Task prompt | A faithful copy of the data, pictures omitted, is the required answer.

[Records provided Boundary: Start]

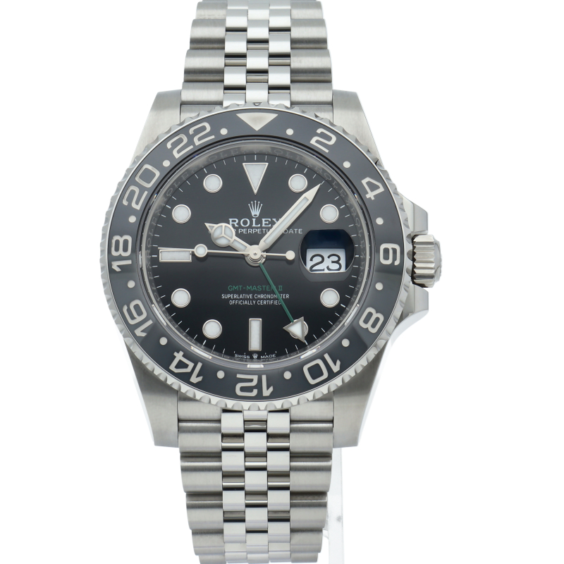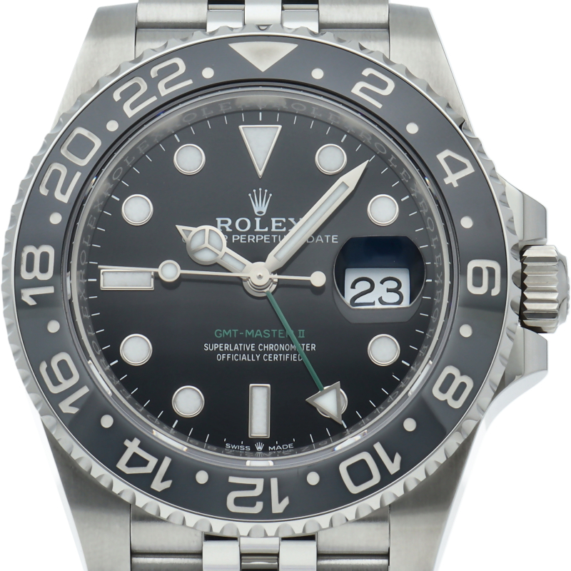 2024年に新たに加わった、グレー/ブラックベゼルにステンレスのケース/オイスターブレスレットの【126710GRNR GMTマスターII】。キャリバー3285はロレックスが特許を取得したクロナジーエスケープメントを採用し、高いエネルギー効率により70時間ものパワーリザーブを誇ります。
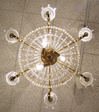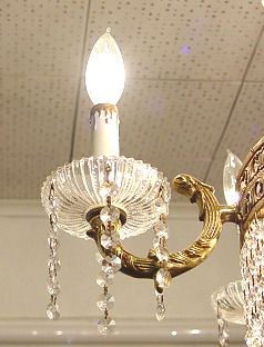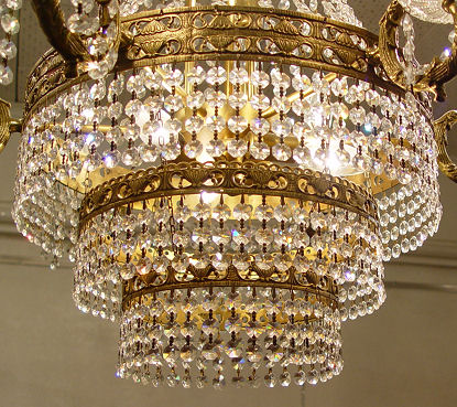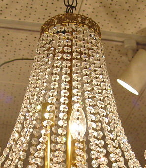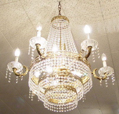 CRYSTAL CHANDELIER: 6 light chandelier in a draped effect, three tiers of prism chains. Approx. 26''l.
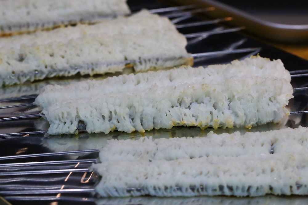 「秘伝コース」に進むと、7月に鱧の授業がありますが、ここでは見て食べるだけで実際の練習は別の講座で特訓するようになっています。
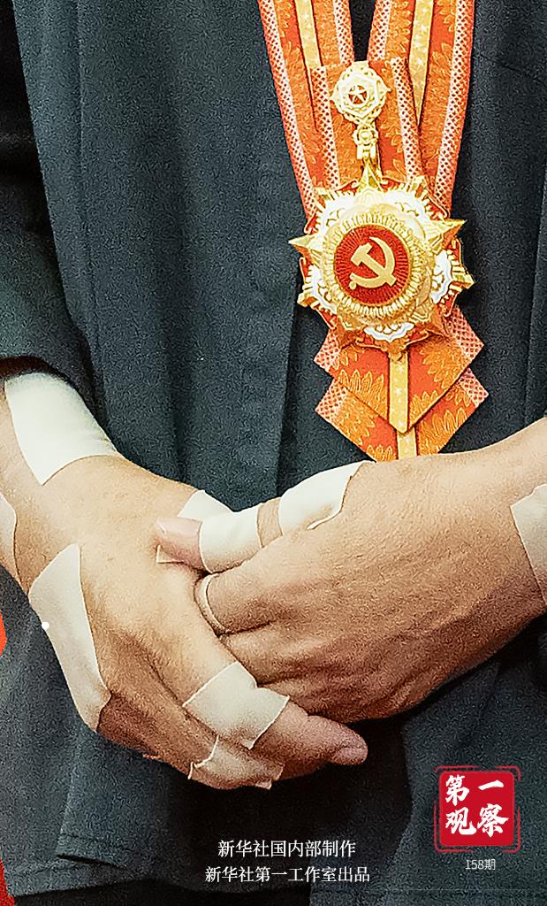 一双贴满膏药的普通劳动者的手,捧起代表党内最高荣誉的“七一勋章”。
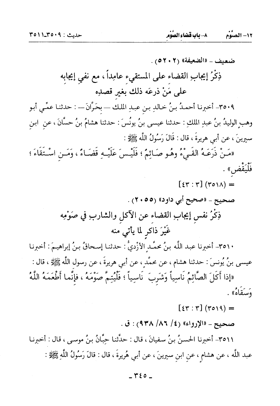 3511 - أَخْبَرَنَا الْحَسَنُ بْنُ سُفْيَانَ قَالَ: حَدَّثَنَا حِبَّانُ بْنُ مُوسَى قَالَ: أَخْبَرَنَا عَبْدُ اللَّهِ عَنْ هِشَامٍ عَنِ ابْنِ سِيرِينَ عَنْ أَبِي هُرَيْرَةَ قَالَ: قَالَ رَسُولُ اللَّهِ صَلَّى اللَّهُ عَلَيْهِ وَسَلَّمَ: -[346]-
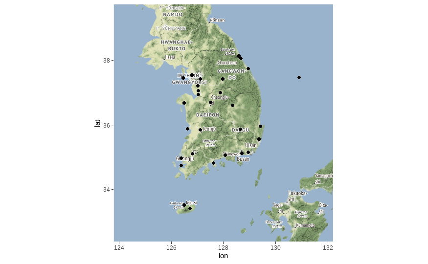 map <- map + geom_point(data=airport.kr, aes(x=longitude, y=lantitude))
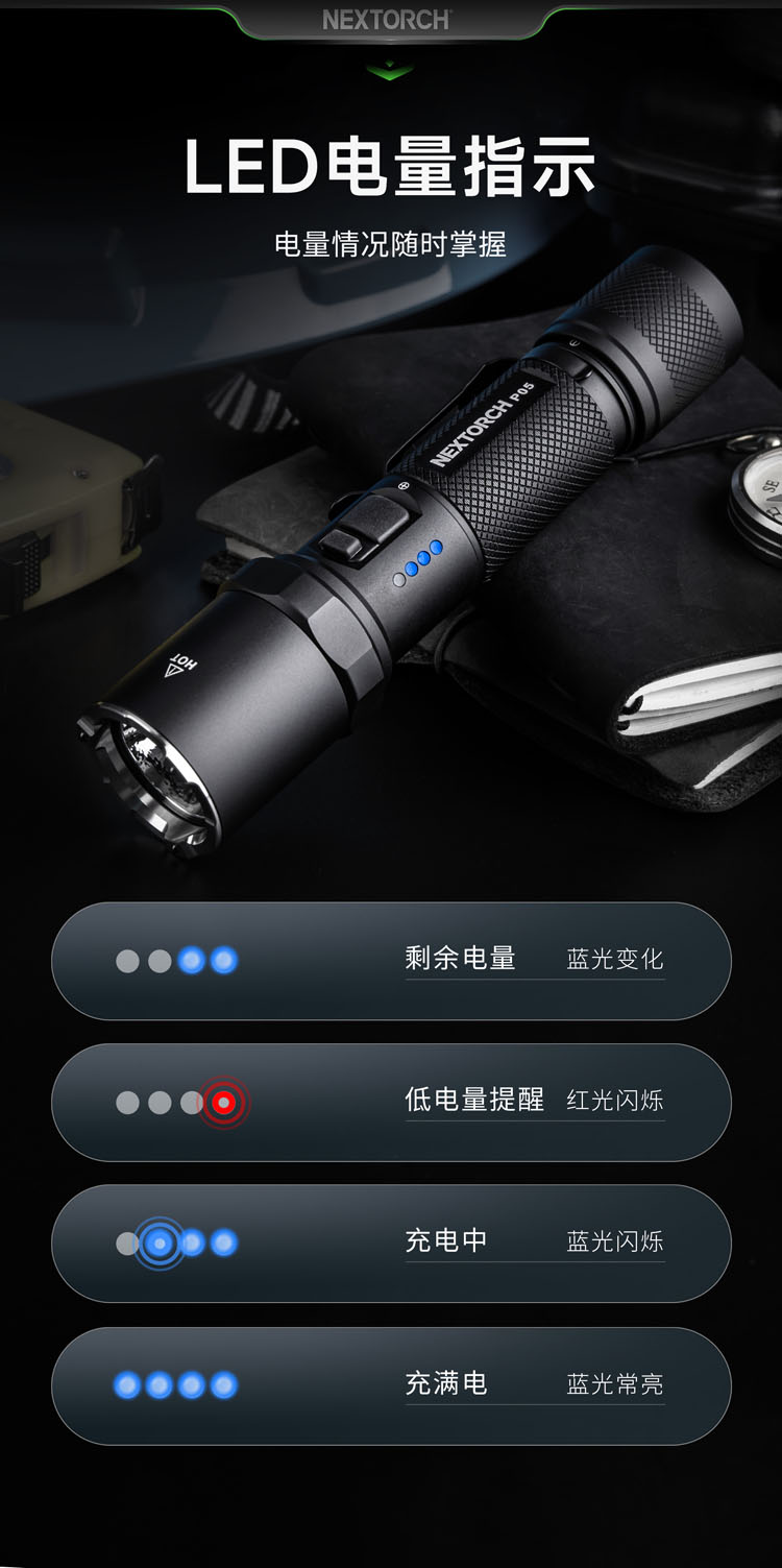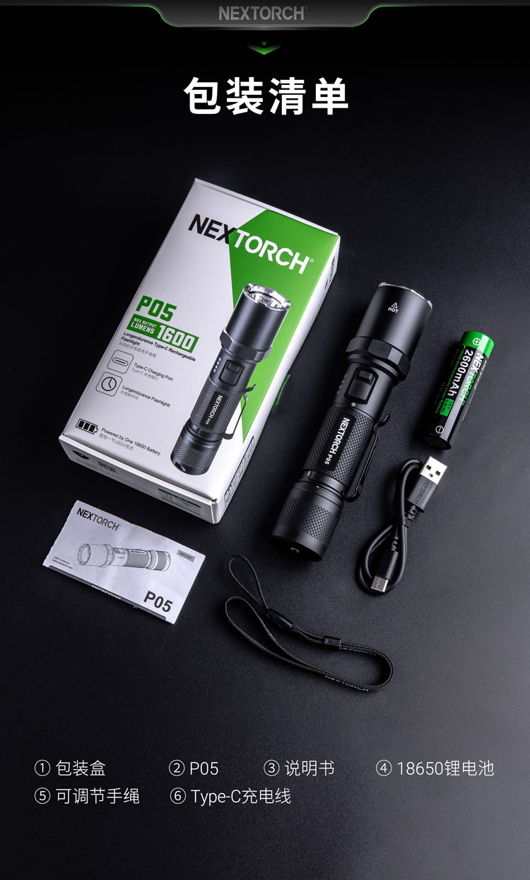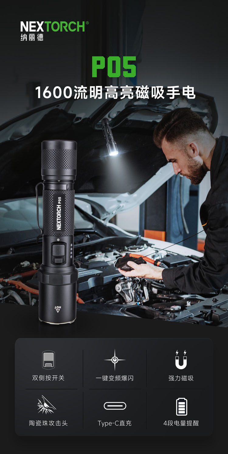 P05,为工业检修、应急救援、夜间巡逻、汽车维修等场景而来,是一支专业可靠的高性能强光手电。延续纳丽德经典P系列的皮实耐操和突出性能,P05还增加了贴心的档位记忆功能。自带强力磁吸尾盖,可解放双手,提升效率。侧按双开关操控便利,一键变频爆闪快速响应,高硬度陶瓷珠破窗头攻防有度,还有大容量的18650锂电池、Type-C直充、电量显示等功能打消您的电量焦虑。量身打造的配件,让您的装备更加如虎添翼手。无论是工业作业,还是日常生活,P05都会是你可靠且值得信赖的好搭档。

[Records provided Boundary: End]

Solution to this exercise |
 2024年に新たに加わった、グレー/ブラックベゼルにステンレスのケース/オイスターブレスレットの【126710GRNR GMTマスターII】。キャリバー3285はロレックスが特許を取得したクロナジーエスケープメントを採用し、高いエネルギー効率により70時間ものパワーリザーブを誇ります。
 CRYSTAL CHANDELIER: 6 light chandelier in a draped effect, three tiers of prism chains. Approx. 26''l.
 「秘伝コース」に進むと、7月に鱧の授業がありますが、ここでは見て食べるだけで実際の練習は別の講座で特訓するようになっています。
 一双贴满膏药的普通劳动者的手,捧起代表党内最高荣誉的“七一勋章”。
 3511 - أَخْبَرَنَا الْحَسَنُ بْنُ سُفْيَانَ قَالَ: حَدَّثَنَا حِبَّانُ بْنُ مُوسَى قَالَ: أَخْبَرَنَا عَبْدُ اللَّهِ عَنْ هِشَامٍ عَنِ ابْنِ سِيرِينَ عَنْ أَبِي هُرَيْرَةَ قَالَ: قَالَ رَسُولُ اللَّهِ صَلَّى اللَّهُ عَلَيْهِ وَسَلَّمَ: -[346]-
 map <- map + geom_point(data=airport.kr, aes(x=longitude, y=lantitude))
 P05,为工业检修、应急救援、夜间巡逻、汽车维修等场景而来,是一支专业可靠的高性能强光手电。延续纳丽德经典P系列的皮实耐操和突出性能,P05还增加了贴心的档位记忆功能。自带强力磁吸尾盖,可解放双手,提升效率。侧按双开关操控便利,一键变频爆闪快速响应,高硬度陶瓷珠破窗头攻防有度,还有大容量的18650锂电池、Type-C直充、电量显示等功能打消您的电量焦虑。量身打造的配件,让您的装备更加如虎添翼手。无论是工业作业,还是日常生活,P05都会是你可靠且值得信赖的好搭档。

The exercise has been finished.